Data below ▸
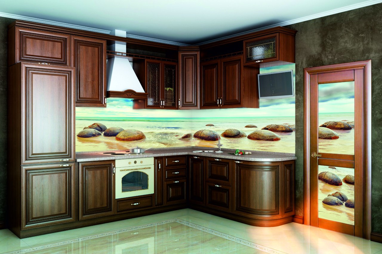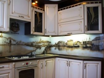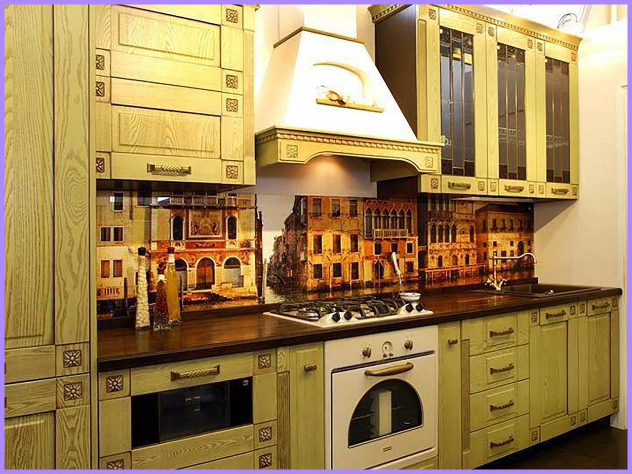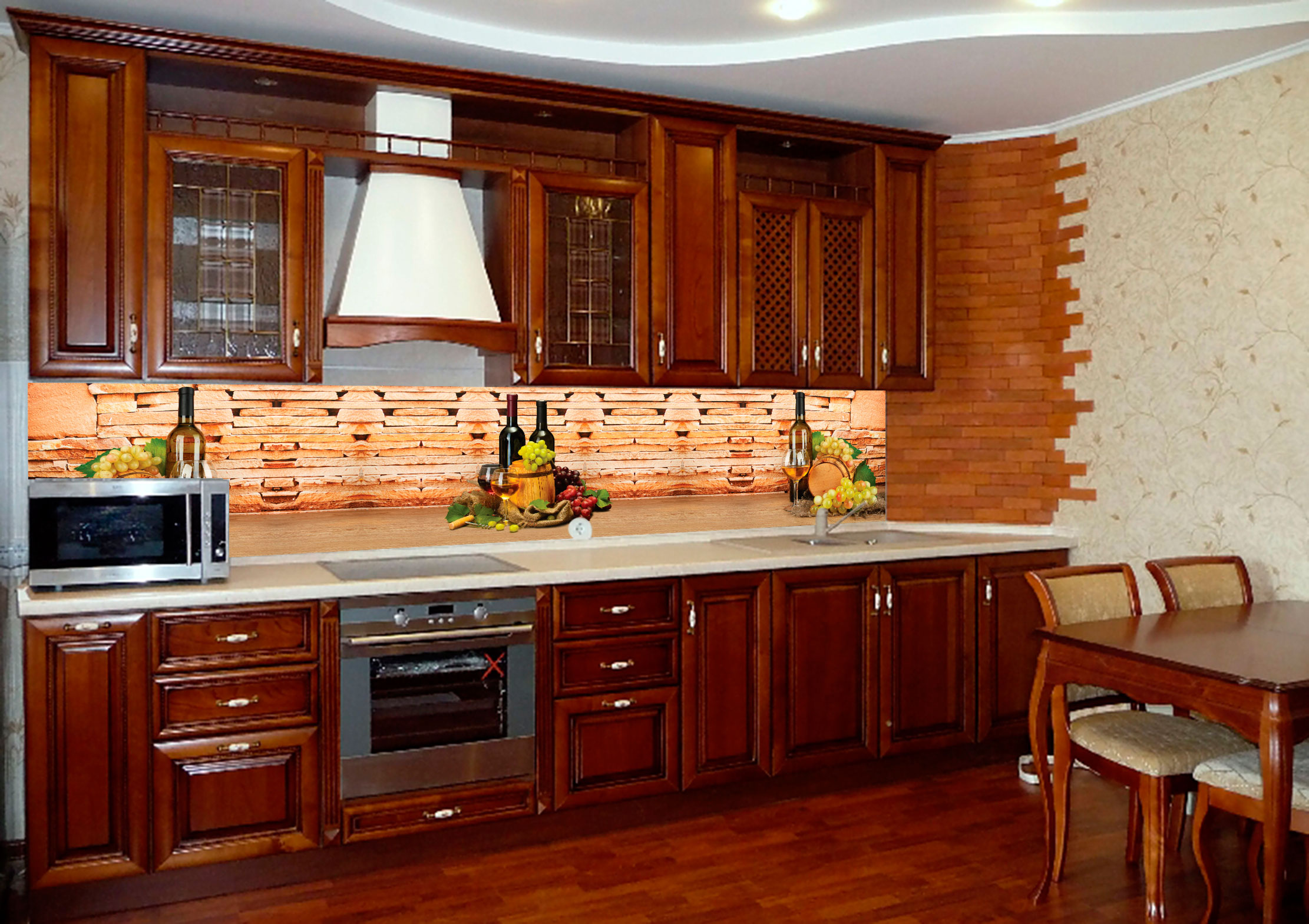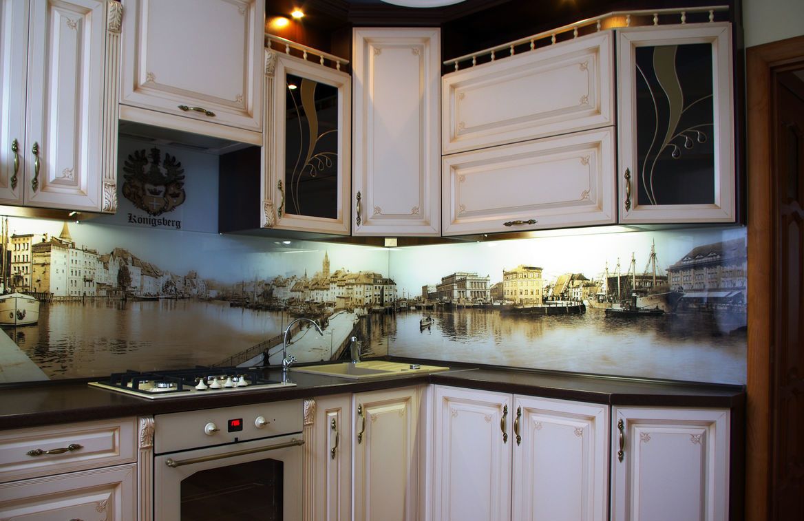 An apron made of glass (it is called “skinali”) looks very modern. In practicality and ease of care, it surpasses all other options! It can easily fit into the classic style of the kitchen. It can be monochromatic frosted or glossy glass, illuminated glass, printed glass. Figure must be selected on the basis of the general concept of design. These can be flowers, landscapes, large photos of products or spices, “aged” and retro pictures, written inscriptions, etc. To make your kitchen in a classic style unique, you can make skinali with your own photos or other images that are dear to you personally.
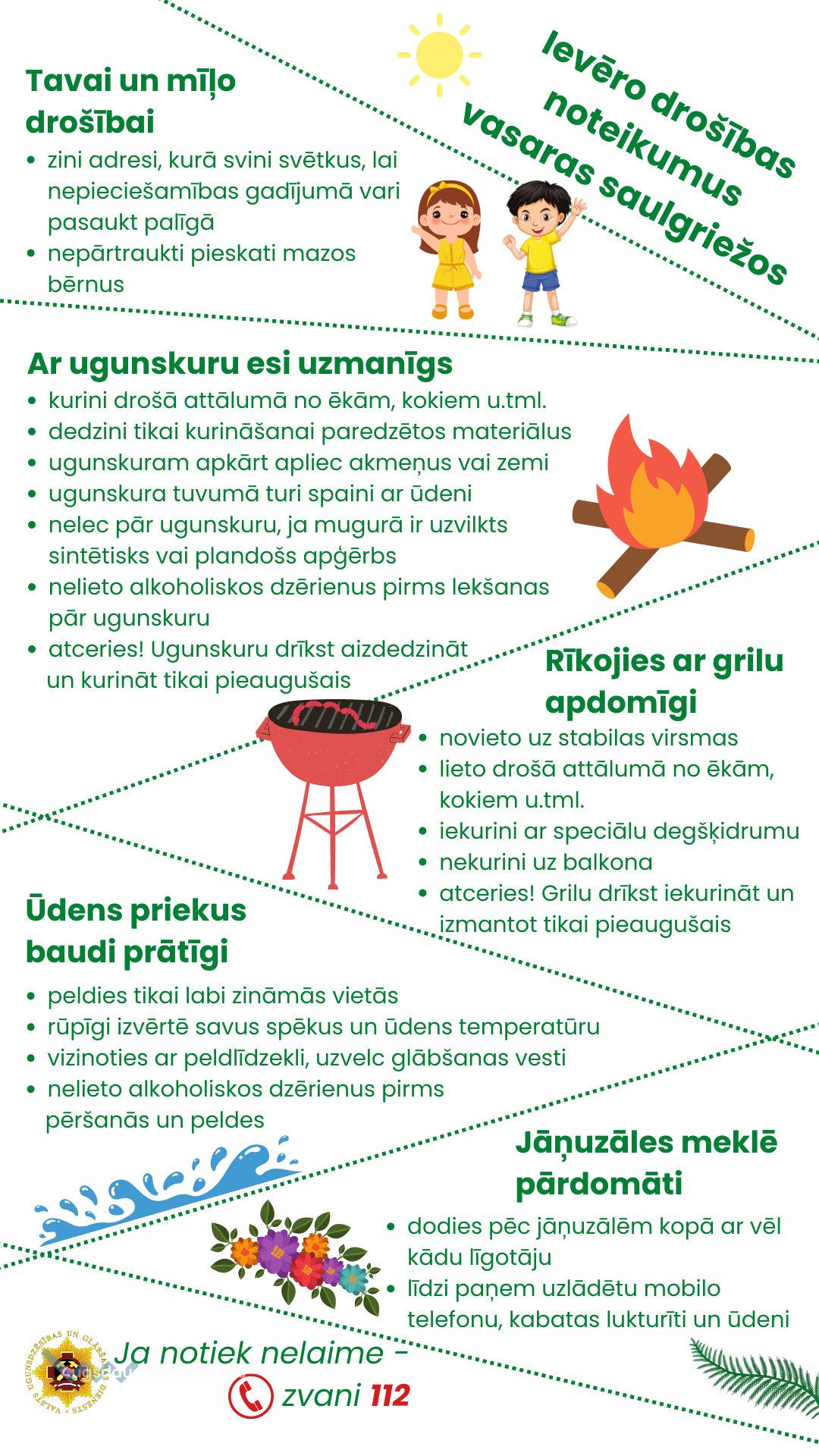 Šonedēļ Latvijā svinēsim Līgo un Jāņu dienu, kad neiztikt bez lustīgas svētku svinēšanas, ugunskuru kurināšanas, atpūtas dabā un peldēšanās. Šogad svētki daudziem iedzīvotājiem sniedz iespēju atpūsties četras dienas pēc kārtas, tādēļ Valsts ugunsdzēsības un glābšanas dienests (VUGD) īpaši uzsver drošības noteikumu ievērošanu, lai svētkus un brīvdienas neaptumšotu traģiski nelaimes gadījumi.
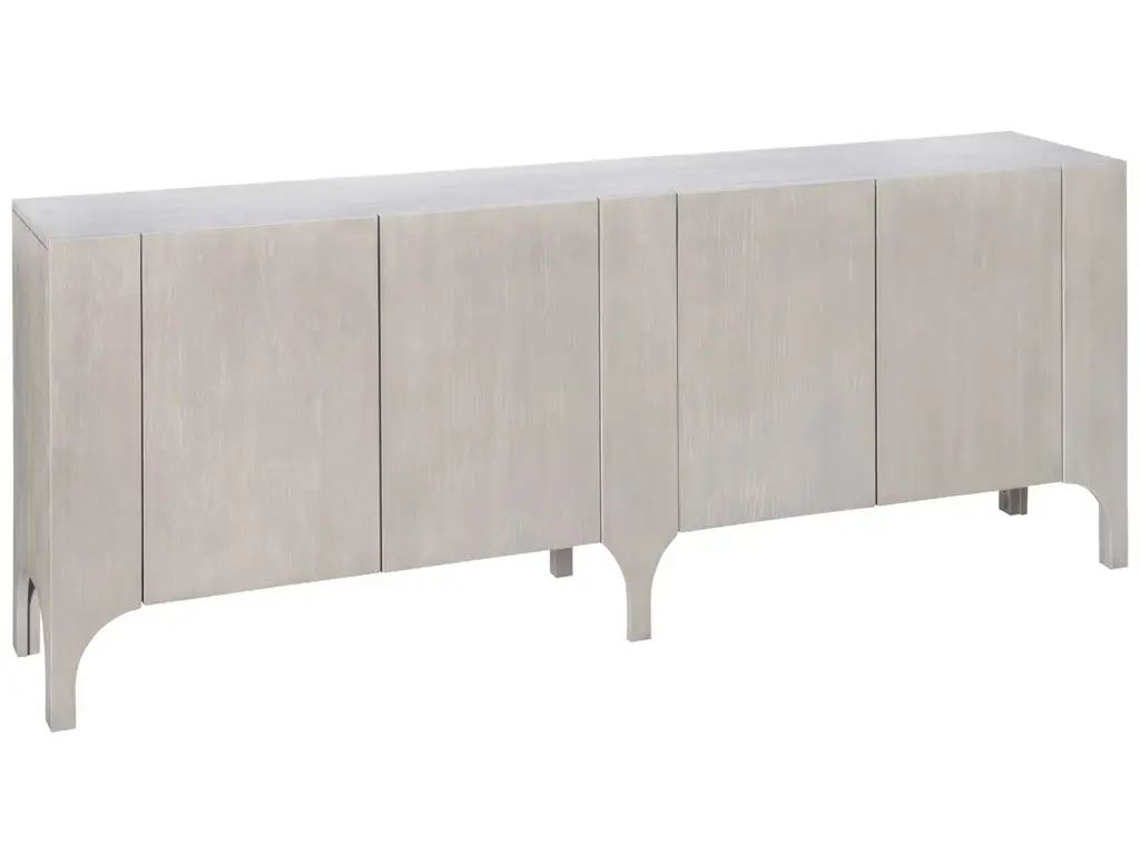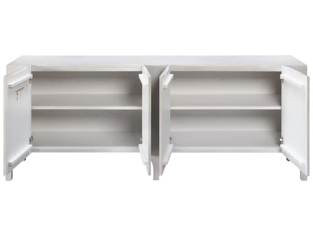 Maximize your storage space with the Mayia Sideboard from Dovetail Furniture and Designs. This classic sideboard features a streamlined profile with four doors that open to reveal shelves for plenty of storage. Elegant curves at the square legs add the finishing touch to this versatile sideboard.
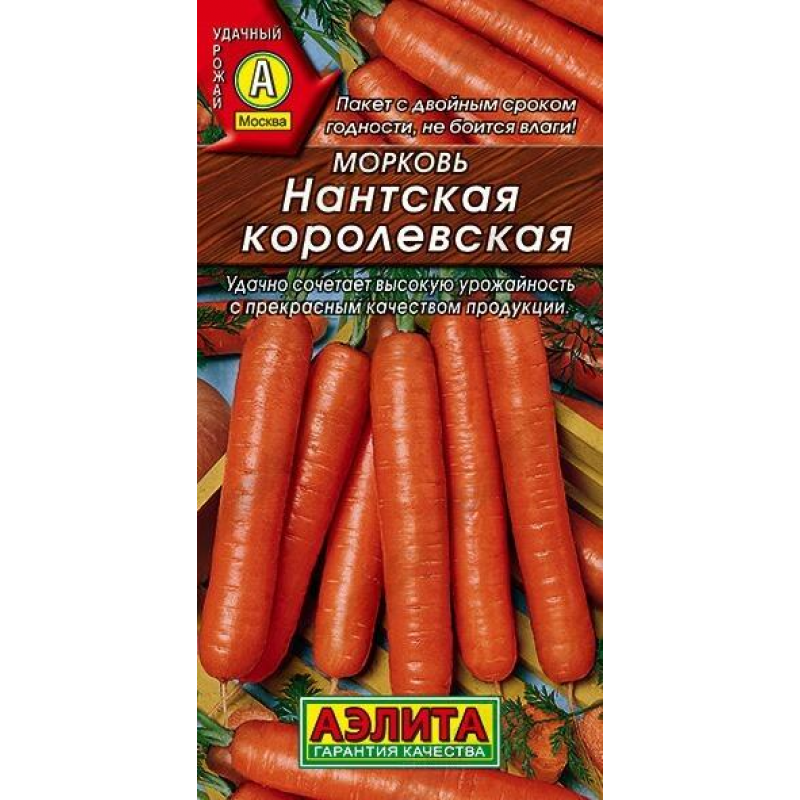 Превосходный сорт популярного сортотипа Нантская. Среднеспелый, от всходов до массовой уборки 95-105 дней. Корнеплоды длиной 16-18 см, массой 100-160 г, с гладкой поверхностью. Сердцевина небольшая. Повышенное содержание каротина делает их незаменимыми для детского и диетического питания. Корнеплоды отлично хранятся до нового урожая.

Work instruction ▸ Give exactly those lines of the listing that run from its first line through the line with "Šonedēļ Latvijā svinēsim", leaving each picture out.

Solution for this exercise ▸
 An apron made of glass (it is called “skinali”) looks very modern. In practicality and ease of care, it surpasses all other options! It can easily fit into the classic style of the kitchen. It can be monochromatic frosted or glossy glass, illuminated glass, printed glass. Figure must be selected on the basis of the general concept of design. These can be flowers, landscapes, large photos of products or spices, “aged” and retro pictures, written inscriptions, etc. To make your kitchen in a classic style unique, you can make skinali with your own photos or other images that are dear to you personally.
 Šonedēļ Latvijā svinēsim Līgo un Jāņu dienu, kad neiztikt bez lustīgas svētku svinēšanas, ugunskuru kurināšanas, atpūtas dabā un peldēšanās. Šogad svētki daudziem iedzīvotājiem sniedz iespēju atpūsties četras dienas pēc kārtas, tādēļ Valsts ugunsdzēsības un glābšanas dienests (VUGD) īpaši uzsver drošības noteikumu ievērošanu, lai svētkus un brīvdienas neaptumšotu traģiski nelaimes gadījumi.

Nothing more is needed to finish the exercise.